JAT still under surveillance, BNPT
Dicky Christanto, The Jakarta Post, Jakarta | Fri, 02/24/2012 6:40 PM
It was only a matter of time before the U.S. government decided to place firebrand cleric Abu Bakar Ba’asyir’s mass organization Jamaah Ansharut Tauhid (JAT) on its list of foreign terrorist organizations, National Counterterrorism Agency (BNPT) chief Insp. Gen. (ret) Ansyaad Mbai said.
“The fact that JAT and its activists are still campaigning to replace our democracy with their ideas of an Islamic state and because they tend to authorize the use of violence in pursuing their agenda must be among the reasons why the U.S. government put them on the list,” Ansyaad told The Jakarta Post on Friday.
He said to date BNPT was still closely monitoring JAT activities.
“We will move in if we find out that they intend to break the law,” he said.
Through its state department, the U.S. government declared JAT as among foreign terrorist groups. The U.S. held JAT responsible for the church bombing in Surakarta last year and also suspected it was behind a string of robberies that were reportedly aimed at collecting funds to purchase explosives and weapons.

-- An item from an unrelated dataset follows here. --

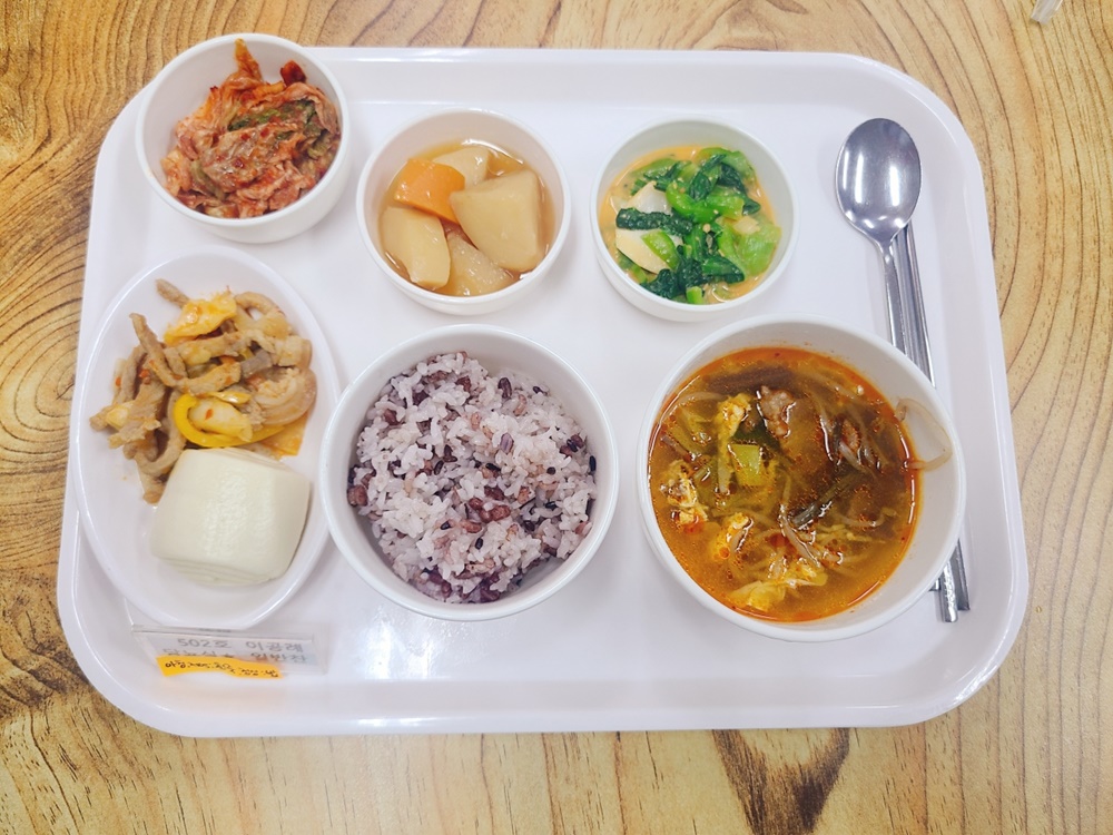07월 04일 중식은 <백미밥(죽/잡곡밥) / 육개장 / 피망잡채&꽃빵 / 감자당근조림 / 청경채쌈장나물 / 김치 > 였습니다.

The U.S government had also vowed to cripple all financial access channeled toward JAT so that its activists would not have sufficient resources to formulate additional terror plots.
JAT was founded by Abu Bakar Ba’asyir in 2008 following a break from his old organization, the Indonesian Mujahadeen Council (MMI), reportedly over a personal feud between himself and other MMI leaders.